Taaffe believed that the anti-Common Market left was pandering to nationalist prejudices instead of counterposing a socialist internationalist position against a capitalist globalist one. In other words, advocating a socialist European federation.

The argument of Tribune was that the Common Market was specifically set up to lock national governments into a framework that would prevent individual countries pursuing radical, socialist policies. It was a ‘capitalist embrace’.

But Taaffe argued that capitalism in Britain didn’t require the Common Market to neuter Labour governments and the idea that the UK could cut itself off from global markets and forge its own destiny without ending capitalism was “utopian”.

1980s – Europe seen as a bulwark against Thatcher

Even in the 1970s, the pro-Common Market lobby within the Labour Party argued that membership could protect and extend pro-left policies. In the 1980s under Thatcher this view shot into the ascendancy. A beleaguered Labour Party and trade union leadership hoped that Brussels could stall the Thatcherite determination to dismantle the post-war social model in the UK.

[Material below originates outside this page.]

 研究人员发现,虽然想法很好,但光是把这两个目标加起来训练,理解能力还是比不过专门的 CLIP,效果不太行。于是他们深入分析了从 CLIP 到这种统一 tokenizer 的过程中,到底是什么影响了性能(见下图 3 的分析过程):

Ironically, Thatcher was probably more engaged with Europe than any other prime-minister despite her rhetoric. But a growing realisation that Brussels was pushing for closer economic, financial and political integration deepened Euroscepticism in the Tory party while at the same time, Labour’s ageing Brexiteers died or gave up.

By the 2016 Brexit referendum, the sight of maverick Labour MP Kate Hoey and arch-Brexiteer Nigel Farage appearing together was viewed as appalling across the party. A far cry from Barbara Castle sitting (literally) alongside Enoch Powell.

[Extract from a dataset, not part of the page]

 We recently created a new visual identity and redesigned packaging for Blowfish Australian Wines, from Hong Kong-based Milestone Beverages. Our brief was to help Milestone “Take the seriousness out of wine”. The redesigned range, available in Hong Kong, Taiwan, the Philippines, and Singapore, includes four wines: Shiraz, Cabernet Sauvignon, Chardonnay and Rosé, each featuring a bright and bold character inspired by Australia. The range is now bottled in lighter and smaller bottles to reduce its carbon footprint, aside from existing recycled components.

DISCOVER: The Portuguese revolution of 1974

Brexit and Marxism: Trotsky argues for European unity

And then we come to Leon Trotsky. Who would have thought that in 1923, the Russian revolutionary was advocating a United States of Europe? His argument was that World War One (1914-18) had been about German capital trying to unite Europe through force. The aim had been to take on the global power of the British Empire.

For its part, the British used Germany defeat in 1918 to provoke France into “Balkanising” Europe thereby keeping it divided and weaker. That of course suited London’s interests. Trotsky pointed out that he had previously argued for a federation to solve the violent disunity in the Balkans. Now he proposed a federation to save the whole of Europe.

Of course the federation Trotsky was proposing would be one of “Workers and Peasants”. He hoped that this would ally itself to the Soviet Union and eventually incorporate Britain – which he did foresaw would be the last nation to join.

The underlying reason for Trotsky’s advocacy of a socialist united Europe was the hope that these more advanced economies (German, France, Belgium, etc) could aid the more backward USSR. By encouraging revolution across Europe, the Soviet Union would not remain isolated and vulnerable to attack.

As for the United States, Trotsky believed America had emerged considerably stronger from WWI but he hoped a united socialist Europe would inspire the American proletariat into revolution.

However, it has to be noted that by 1923, the German communist uprising of 1918 had been brutally put down. And the Irish Marxist James Connolly had been shot by a firing squad in 1916.